### WHAT IS EXPECTED
Give again, word for word, every line below from the one that has "Specifications: Item Name: Betionol" through the one that has "3、在選項設(shè)置頁面", both included, and no others.

- - - - - - -

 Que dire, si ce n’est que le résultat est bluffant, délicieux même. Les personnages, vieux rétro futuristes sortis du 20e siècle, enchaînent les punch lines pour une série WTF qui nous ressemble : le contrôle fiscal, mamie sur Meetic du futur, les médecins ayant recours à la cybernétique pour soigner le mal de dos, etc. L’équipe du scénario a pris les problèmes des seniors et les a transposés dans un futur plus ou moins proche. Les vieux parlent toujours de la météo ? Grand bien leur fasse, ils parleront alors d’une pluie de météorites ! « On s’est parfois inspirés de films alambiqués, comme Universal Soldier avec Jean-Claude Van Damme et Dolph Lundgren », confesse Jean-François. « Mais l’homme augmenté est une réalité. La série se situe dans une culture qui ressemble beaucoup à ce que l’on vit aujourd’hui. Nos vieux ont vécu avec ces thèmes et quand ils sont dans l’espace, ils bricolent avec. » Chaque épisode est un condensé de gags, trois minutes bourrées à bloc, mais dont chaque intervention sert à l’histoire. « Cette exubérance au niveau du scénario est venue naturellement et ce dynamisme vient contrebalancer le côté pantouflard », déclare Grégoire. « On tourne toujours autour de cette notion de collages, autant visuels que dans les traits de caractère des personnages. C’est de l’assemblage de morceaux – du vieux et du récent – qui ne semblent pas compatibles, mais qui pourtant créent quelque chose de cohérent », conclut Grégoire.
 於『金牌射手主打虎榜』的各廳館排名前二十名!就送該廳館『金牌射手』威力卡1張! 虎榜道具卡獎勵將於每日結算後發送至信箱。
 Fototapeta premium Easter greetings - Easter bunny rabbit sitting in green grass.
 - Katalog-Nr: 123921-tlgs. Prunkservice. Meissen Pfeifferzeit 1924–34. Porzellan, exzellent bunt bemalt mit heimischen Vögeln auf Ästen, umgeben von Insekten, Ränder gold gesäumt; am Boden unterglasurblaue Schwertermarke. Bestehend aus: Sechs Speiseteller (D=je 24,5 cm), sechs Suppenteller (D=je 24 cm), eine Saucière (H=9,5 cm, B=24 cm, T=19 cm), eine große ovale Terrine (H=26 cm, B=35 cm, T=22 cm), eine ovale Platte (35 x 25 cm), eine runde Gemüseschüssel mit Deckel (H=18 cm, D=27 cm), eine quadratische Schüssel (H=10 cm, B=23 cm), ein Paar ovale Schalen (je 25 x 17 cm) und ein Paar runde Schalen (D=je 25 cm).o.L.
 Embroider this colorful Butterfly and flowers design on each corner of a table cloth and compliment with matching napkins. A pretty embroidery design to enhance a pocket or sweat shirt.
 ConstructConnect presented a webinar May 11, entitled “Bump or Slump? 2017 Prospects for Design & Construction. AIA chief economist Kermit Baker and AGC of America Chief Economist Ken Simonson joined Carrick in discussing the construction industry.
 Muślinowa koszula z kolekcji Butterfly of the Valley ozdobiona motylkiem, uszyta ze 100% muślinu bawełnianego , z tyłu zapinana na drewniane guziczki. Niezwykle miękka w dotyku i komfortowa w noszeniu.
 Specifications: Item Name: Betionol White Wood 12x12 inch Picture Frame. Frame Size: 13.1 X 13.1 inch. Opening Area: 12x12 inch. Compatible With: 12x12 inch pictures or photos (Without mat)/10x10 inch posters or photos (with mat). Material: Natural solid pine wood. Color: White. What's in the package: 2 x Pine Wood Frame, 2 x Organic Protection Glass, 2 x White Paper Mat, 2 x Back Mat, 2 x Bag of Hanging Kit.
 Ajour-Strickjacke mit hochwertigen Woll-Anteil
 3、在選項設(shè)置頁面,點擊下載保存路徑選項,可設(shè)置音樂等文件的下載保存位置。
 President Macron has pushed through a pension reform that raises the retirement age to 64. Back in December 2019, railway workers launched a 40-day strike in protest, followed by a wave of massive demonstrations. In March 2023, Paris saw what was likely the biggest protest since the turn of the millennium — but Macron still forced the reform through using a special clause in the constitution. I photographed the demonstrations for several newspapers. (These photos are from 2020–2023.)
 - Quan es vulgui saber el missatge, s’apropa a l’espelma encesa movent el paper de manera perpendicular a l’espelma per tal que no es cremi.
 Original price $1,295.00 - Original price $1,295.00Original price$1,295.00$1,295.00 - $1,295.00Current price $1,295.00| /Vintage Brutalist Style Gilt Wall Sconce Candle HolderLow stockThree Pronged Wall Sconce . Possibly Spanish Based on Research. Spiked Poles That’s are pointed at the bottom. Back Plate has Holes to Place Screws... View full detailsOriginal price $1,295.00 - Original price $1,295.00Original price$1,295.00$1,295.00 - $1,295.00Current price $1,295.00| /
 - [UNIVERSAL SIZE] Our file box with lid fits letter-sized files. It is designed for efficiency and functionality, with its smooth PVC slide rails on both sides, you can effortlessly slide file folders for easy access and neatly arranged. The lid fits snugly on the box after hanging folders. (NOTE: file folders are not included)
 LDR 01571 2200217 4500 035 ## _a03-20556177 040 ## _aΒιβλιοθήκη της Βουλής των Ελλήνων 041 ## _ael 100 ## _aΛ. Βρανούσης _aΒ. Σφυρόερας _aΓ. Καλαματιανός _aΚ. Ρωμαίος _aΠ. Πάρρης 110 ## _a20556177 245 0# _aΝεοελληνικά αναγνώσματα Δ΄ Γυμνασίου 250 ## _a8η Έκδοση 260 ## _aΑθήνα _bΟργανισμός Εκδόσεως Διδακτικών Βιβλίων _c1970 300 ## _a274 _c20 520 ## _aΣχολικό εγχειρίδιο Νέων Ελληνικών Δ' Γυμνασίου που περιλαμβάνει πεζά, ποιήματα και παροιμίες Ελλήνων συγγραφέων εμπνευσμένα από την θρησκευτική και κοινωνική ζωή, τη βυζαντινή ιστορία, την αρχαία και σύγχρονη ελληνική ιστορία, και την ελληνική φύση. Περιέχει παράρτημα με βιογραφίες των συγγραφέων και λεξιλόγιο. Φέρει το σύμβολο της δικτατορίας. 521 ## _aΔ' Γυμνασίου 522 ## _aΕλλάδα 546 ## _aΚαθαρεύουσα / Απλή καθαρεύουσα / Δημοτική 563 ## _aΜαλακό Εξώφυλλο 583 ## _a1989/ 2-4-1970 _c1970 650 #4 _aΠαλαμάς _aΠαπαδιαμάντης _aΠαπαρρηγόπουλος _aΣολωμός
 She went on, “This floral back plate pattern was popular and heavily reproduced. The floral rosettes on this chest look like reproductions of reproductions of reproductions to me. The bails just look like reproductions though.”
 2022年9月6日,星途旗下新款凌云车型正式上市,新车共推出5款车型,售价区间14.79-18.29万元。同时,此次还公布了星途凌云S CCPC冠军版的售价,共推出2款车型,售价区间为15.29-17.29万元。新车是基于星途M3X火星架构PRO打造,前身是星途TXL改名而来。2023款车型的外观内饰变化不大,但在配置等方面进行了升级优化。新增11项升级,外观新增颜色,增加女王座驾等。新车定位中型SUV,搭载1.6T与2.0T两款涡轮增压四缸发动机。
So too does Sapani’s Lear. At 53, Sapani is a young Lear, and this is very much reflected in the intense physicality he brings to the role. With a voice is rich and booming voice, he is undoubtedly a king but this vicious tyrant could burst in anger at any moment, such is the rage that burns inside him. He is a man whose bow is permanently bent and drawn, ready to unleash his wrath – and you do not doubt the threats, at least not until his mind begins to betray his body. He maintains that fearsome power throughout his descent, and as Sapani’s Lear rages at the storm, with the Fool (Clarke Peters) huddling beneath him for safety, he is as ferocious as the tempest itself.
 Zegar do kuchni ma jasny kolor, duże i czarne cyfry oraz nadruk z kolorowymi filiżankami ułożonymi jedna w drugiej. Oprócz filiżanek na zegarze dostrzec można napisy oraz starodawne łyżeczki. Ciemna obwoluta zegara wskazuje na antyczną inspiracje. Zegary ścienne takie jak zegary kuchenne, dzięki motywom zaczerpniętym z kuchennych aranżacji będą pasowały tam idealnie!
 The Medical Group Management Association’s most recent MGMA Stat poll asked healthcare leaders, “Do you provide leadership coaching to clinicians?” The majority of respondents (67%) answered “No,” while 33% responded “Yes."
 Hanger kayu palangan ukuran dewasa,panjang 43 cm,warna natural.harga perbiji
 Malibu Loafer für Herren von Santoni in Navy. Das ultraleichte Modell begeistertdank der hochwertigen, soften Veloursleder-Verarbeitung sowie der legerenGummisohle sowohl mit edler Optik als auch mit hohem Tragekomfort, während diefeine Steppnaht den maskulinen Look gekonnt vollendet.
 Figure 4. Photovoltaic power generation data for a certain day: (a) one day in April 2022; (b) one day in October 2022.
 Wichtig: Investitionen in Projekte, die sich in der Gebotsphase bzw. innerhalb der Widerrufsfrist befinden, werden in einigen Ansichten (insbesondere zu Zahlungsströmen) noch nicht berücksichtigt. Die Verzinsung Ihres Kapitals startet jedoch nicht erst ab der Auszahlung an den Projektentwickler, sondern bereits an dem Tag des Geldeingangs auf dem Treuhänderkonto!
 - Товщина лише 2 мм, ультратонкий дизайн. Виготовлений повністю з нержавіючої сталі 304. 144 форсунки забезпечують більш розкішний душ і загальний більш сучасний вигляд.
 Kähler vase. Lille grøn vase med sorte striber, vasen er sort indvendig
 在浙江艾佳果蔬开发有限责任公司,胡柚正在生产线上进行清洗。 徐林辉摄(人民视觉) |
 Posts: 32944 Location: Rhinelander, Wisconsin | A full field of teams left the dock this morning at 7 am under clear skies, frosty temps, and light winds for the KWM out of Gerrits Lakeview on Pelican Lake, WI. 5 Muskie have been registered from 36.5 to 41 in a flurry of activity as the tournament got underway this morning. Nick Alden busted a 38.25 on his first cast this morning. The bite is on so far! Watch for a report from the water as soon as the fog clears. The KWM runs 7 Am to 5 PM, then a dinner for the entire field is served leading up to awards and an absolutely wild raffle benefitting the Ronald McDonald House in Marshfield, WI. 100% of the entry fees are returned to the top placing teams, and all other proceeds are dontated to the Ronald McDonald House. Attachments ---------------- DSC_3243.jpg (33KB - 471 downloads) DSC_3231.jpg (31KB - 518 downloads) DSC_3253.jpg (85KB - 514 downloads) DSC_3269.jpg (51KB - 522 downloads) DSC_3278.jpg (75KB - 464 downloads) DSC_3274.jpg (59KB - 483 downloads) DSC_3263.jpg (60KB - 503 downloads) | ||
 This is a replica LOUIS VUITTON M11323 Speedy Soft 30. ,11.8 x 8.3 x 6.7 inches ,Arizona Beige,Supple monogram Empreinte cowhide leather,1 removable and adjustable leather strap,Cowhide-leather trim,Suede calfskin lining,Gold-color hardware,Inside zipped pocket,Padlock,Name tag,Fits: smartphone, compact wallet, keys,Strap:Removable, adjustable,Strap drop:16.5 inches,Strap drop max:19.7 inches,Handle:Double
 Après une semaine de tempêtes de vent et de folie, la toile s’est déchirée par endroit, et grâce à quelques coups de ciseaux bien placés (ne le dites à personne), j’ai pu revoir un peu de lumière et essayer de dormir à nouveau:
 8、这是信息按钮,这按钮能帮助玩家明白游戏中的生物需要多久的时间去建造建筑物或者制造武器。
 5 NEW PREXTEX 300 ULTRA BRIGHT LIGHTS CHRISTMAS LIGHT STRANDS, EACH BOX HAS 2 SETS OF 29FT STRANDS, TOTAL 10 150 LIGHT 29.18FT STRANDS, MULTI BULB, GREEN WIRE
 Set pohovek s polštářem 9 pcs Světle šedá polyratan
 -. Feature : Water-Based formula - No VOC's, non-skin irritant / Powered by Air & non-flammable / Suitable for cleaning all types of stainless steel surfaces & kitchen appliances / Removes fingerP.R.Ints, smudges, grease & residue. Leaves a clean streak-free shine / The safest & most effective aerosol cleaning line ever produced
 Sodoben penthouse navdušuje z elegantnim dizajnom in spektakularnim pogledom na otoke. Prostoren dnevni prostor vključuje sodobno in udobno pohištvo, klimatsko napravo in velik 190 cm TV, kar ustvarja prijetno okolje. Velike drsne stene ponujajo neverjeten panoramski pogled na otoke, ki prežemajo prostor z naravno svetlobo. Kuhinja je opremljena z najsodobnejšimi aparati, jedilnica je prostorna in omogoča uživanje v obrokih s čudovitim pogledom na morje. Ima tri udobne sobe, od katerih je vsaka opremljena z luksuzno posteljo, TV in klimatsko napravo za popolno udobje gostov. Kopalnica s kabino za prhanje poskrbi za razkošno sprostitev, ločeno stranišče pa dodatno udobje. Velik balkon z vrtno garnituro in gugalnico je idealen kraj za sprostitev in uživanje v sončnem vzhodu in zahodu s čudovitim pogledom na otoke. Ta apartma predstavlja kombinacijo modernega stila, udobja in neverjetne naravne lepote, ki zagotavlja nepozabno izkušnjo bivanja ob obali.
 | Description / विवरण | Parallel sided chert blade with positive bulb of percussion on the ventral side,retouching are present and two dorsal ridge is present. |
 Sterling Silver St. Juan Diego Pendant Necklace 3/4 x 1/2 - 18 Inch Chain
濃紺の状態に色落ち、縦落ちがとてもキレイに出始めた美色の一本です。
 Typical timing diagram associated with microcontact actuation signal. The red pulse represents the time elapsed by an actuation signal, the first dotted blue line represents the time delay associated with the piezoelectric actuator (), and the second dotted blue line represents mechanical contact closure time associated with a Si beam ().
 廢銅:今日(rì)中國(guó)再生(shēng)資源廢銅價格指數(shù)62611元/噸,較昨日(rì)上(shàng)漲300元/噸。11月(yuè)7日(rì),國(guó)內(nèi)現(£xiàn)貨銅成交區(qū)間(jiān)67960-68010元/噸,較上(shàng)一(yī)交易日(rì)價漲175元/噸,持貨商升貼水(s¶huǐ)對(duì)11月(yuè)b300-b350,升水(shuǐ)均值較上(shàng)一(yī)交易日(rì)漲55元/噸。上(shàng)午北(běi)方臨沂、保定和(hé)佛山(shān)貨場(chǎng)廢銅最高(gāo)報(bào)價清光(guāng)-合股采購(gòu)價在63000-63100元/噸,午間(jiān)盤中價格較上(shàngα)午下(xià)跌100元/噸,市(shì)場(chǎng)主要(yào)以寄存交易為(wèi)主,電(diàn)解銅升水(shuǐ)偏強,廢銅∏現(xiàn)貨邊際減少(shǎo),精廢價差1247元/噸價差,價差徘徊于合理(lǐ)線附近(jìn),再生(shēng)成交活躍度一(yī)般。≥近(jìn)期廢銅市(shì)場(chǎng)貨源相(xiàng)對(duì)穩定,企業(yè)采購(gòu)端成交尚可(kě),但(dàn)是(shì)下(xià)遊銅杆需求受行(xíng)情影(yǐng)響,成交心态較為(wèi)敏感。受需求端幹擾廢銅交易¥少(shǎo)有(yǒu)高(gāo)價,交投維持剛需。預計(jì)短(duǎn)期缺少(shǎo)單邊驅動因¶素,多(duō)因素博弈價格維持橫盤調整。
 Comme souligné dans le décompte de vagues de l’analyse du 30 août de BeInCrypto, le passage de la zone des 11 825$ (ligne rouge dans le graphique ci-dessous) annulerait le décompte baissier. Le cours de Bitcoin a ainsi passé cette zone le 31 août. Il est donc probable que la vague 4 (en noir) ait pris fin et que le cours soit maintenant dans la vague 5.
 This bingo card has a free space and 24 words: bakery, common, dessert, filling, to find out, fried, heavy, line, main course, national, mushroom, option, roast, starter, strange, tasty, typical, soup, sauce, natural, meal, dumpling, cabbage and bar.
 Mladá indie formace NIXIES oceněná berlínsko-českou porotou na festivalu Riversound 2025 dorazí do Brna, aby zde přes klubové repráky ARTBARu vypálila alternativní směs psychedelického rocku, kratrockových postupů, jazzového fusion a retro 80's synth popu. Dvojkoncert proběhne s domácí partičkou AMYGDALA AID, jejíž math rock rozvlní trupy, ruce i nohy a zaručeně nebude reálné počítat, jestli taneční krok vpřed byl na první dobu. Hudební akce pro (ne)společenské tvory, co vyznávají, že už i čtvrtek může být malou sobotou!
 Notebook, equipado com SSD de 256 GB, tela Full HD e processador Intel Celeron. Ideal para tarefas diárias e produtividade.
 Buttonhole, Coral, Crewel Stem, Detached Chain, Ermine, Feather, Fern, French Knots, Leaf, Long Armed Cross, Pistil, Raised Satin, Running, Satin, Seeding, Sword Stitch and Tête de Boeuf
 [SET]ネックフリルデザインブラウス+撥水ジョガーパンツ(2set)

- - - - - - -

### RESPONSE BOX
 Specifications: Item Name: Betionol White Wood 12x12 inch Picture Frame. Frame Size: 13.1 X 13.1 inch. Opening Area: 12x12 inch. Compatible With: 12x12 inch pictures or photos (Without mat)/10x10 inch posters or photos (with mat). Material: Natural solid pine wood. Color: White. What's in the package: 2 x Pine Wood Frame, 2 x Organic Protection Glass, 2 x White Paper Mat, 2 x Back Mat, 2 x Bag of Hanging Kit.
 Ajour-Strickjacke mit hochwertigen Woll-Anteil
 3、在選項設(shè)置頁面,點擊下載保存路徑選項,可設(shè)置音樂等文件的下載保存位置。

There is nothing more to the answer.